Первый оборвал эти излияния:
— Ты мне зубы-то не заговаривай. Если в течение недели твои паршивцы не возьмут рукопись — я с тебя живого шкуру спущу. На Систему надейся, а сам не плошай — так-то, друг ты мой дорогой…
XIII. 1844
Прохладным и ясным сентябрьским днем на пароходе «Геркулес», что шел из Штеттина в Петербург, умирал тяжелобольной пассажир. Он давно был болен и ездил на воды лечиться; воды не помогли ему, он заживо казался мертвецом. Целительные источники могут излечивать некоторые болезни, но не могут возобновить жизненную силу там, где она безвозвратно потеряна. Поняв, что умирает, больной пожелал возвратиться немедленно в Россию, и за ним был послан «Геркулес». Больной заслуживал персонального парохода. Звали больного Александр Христофорович Бенкендорф. Он был начальником тайной полиции Империи и Императорской Главной квартиры, по званию сему он был неразлучен с царским лицом и сопровождал везде и всюду Государя; он был лицом, через которое все прибегали к Высочайшему престолу.
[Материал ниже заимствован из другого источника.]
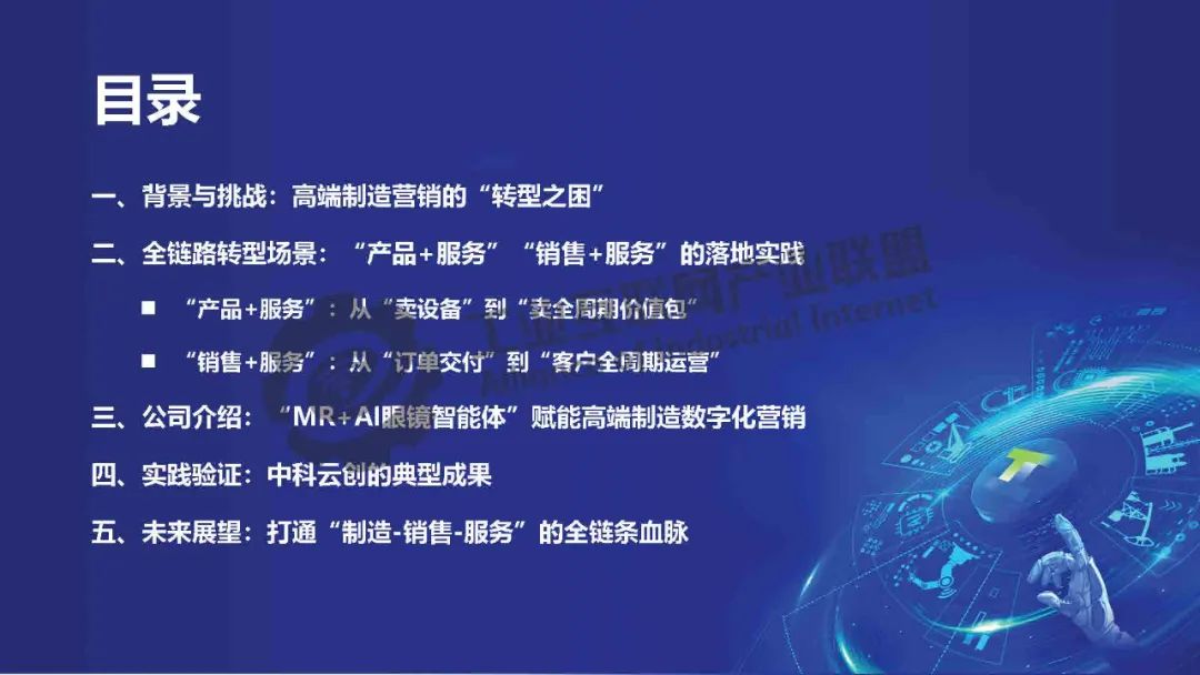 王哲介紹,中科云創針對高端制造營銷轉型困境,提出"產品+服務"和"銷售+服務"全鏈路解決方案,推動從單純賣設備向全周期價值服務升級,通過"MR+AI眼鏡智能體"技術賦能,實現從訂單交付到客戶全周期運營的數字化營銷轉型,典型實踐驗證了其有效性,未來將致力于打通"制造-銷售-服務"全鏈條協同。
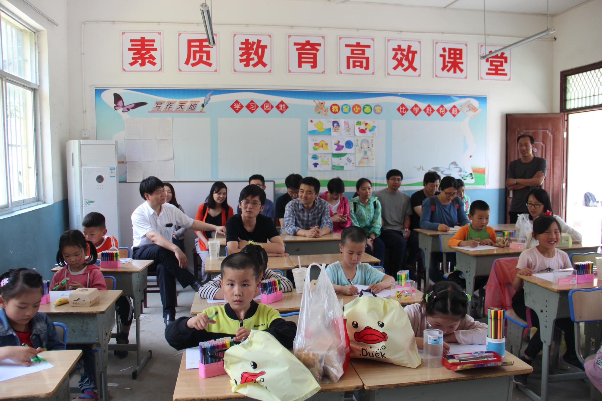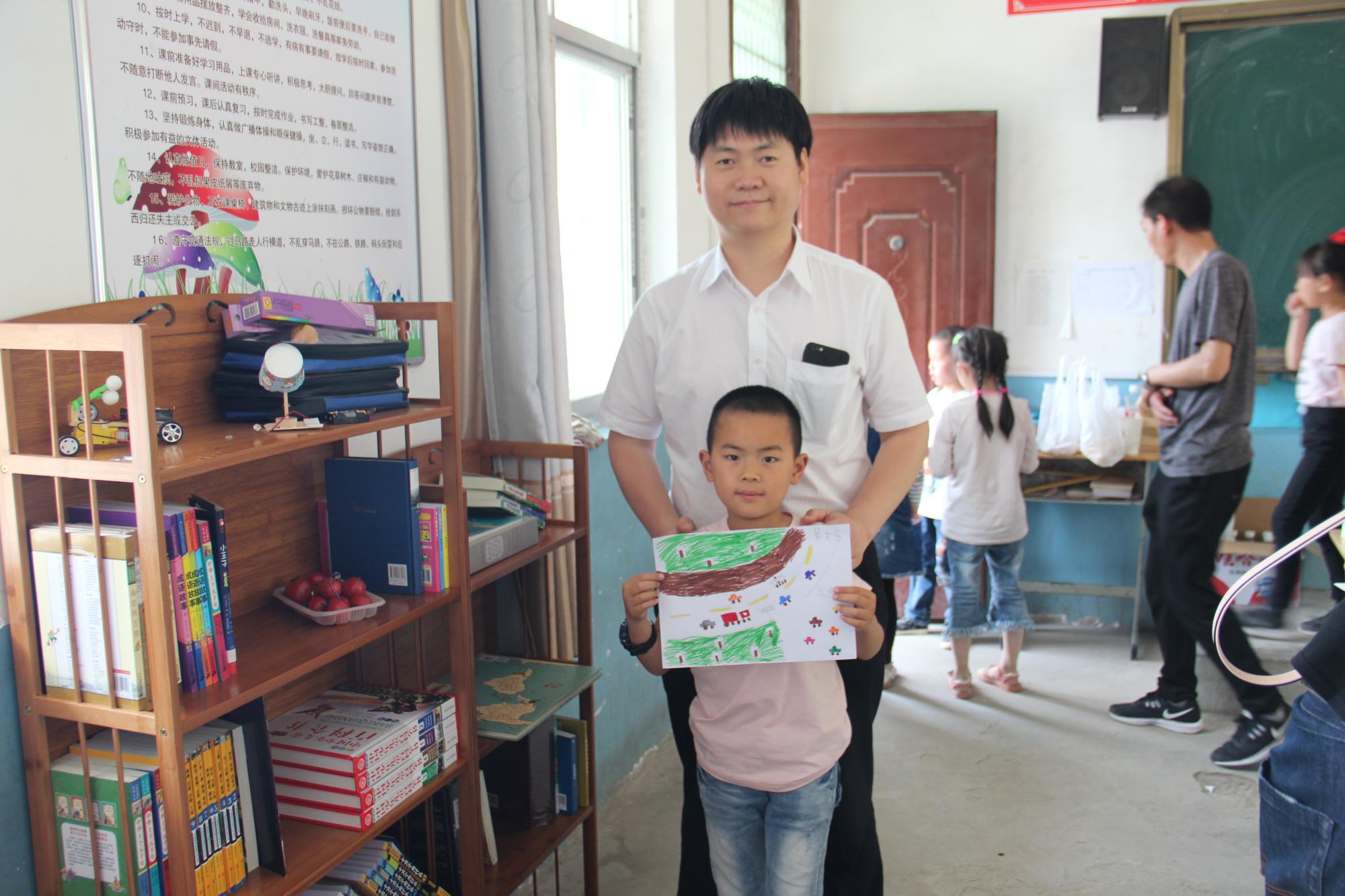 为了感谢交大电气学院对于山村教育工作的支持,枣园小学马老师现场给孩子和电测党支部师生们上了一堂生动有趣的美术课。课上,每一位孩子都化身小画家,在洁白的图纸上画下他们心中的彩色世界,并将图画全都赠与党支部师生留作纪念。
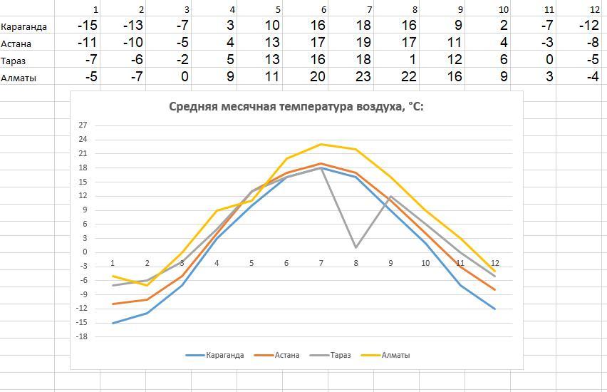 СРОЧНО!! ДАЮ 50 БАЛЛОВ Средняя месячная температура воздуха, °С:
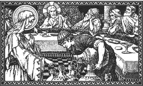 Naquele tempo, celebravam-se bodas em Caná da Galileia, e achava-se ali a mãe de Jesus. Também foram convidados Jesus e os seus discípulos. Como viesse a faltar vinho, a mãe de Jesus disse-lhe: Eles já não têm vinho. Respondeu-lhe Jesus: Mulher, isso compete a nós? Minha hora ainda não chegou. Disse, então, sua mãe aos serventes: Fazei o que ele vos disser. Ora, achavam-se ali seis talhas de pedra para as purificações dos judeus, que continham cada qual duas ou três medidas. Jesus ordena-lhes: Enchei as talhas de água. Eles encheram-nas até em cima. Tirai agora , disse-lhes Jesus, e levai ao chefe dos serventes. E levaram. Logo que o chefe dos serventes provou da água tornada vinho, não sabendo de onde era (se bem que o soubessem os serventes, pois tinham tirado a água), chamou o noivo e disse-lhe: É costume servir primeiro o vinho bom e, depois, quando os convidados já estão quase embriagados, servir o menos bom. Mas tu guardaste o vinho melhor até agora. .Este foi o primeiro milagre de Jesus; realizou-o em Caná da Galileia. Manifestou a sua glória, e os seus discípulos creram nele.
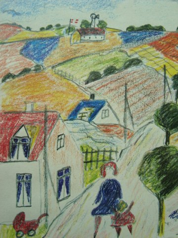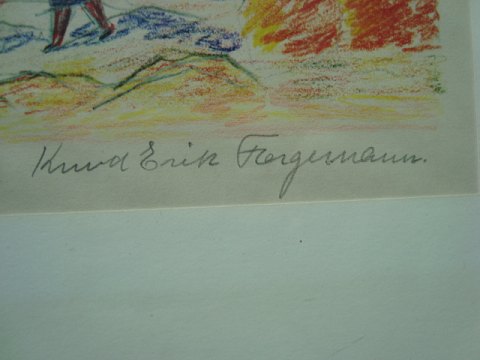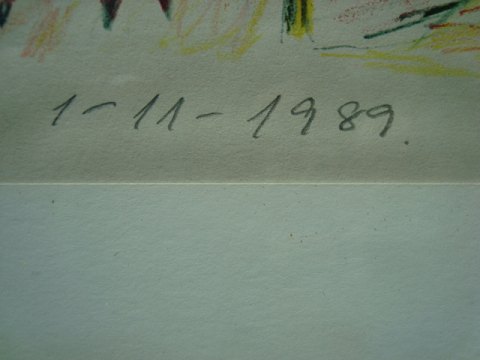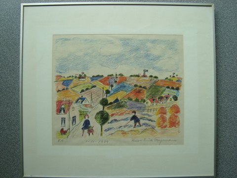 Tryk af Knud Erik Færgemann 1989 - Bymotiv med personer.
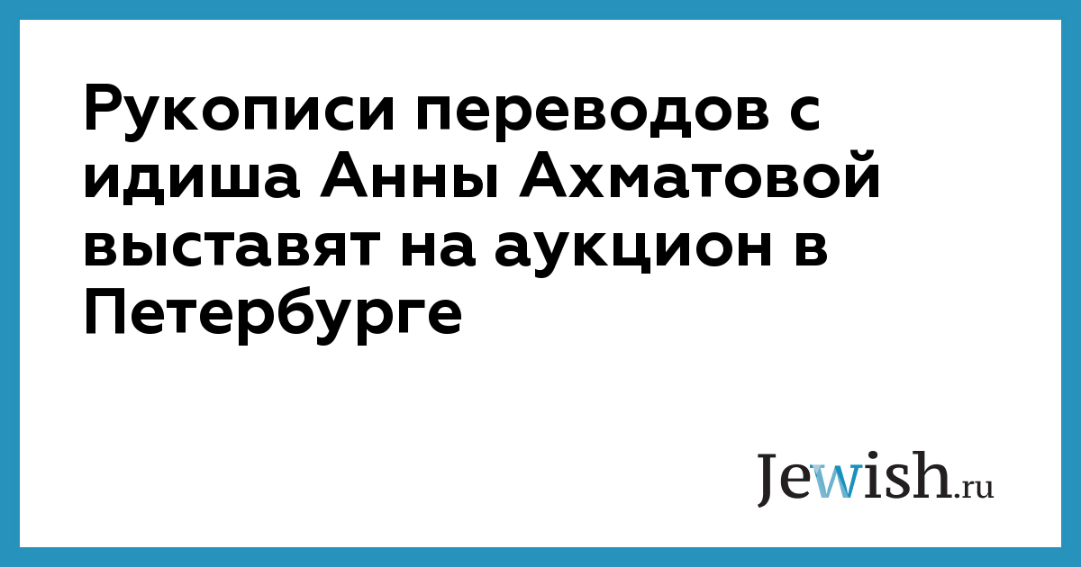 Рукописи переводов с идиша Анны Ахматовой выставят на аукцион в Петербурге

Он очень торопился на Родину. Окружающие полагали, что он хочет напоследок повидать жену и Государя, а некоторые, самые проницательные и хорошо осведомленные о привычках больного, подозревали, что ни в какую Россию он не хочет, а хочет успеть по пути остановиться в Стокгольме и, быть может, испустить последний вздох в объятиях долголетней своей возлюбленной баронессы Крюднер; сию то ли русскую, то ли прусскую, то ли шведскую Клеопатру он так любил, что в своей духовной отписал ей — во всяком случае, так болтали — все свои наличные капиталы, для умножения коих продал незадолго до кончины изрядную часть своей недвижимости. Все они заблуждались: больной спешил в Россию, но спешил не из сентиментальных побуждений, а из соображений профессионального долга. Буквально на днях узнал он тайну, угрожавшую России распадом и крахом, и теперь обязан был поставить о сем в известность как Государя, так и — что даже более важно — преемников своих.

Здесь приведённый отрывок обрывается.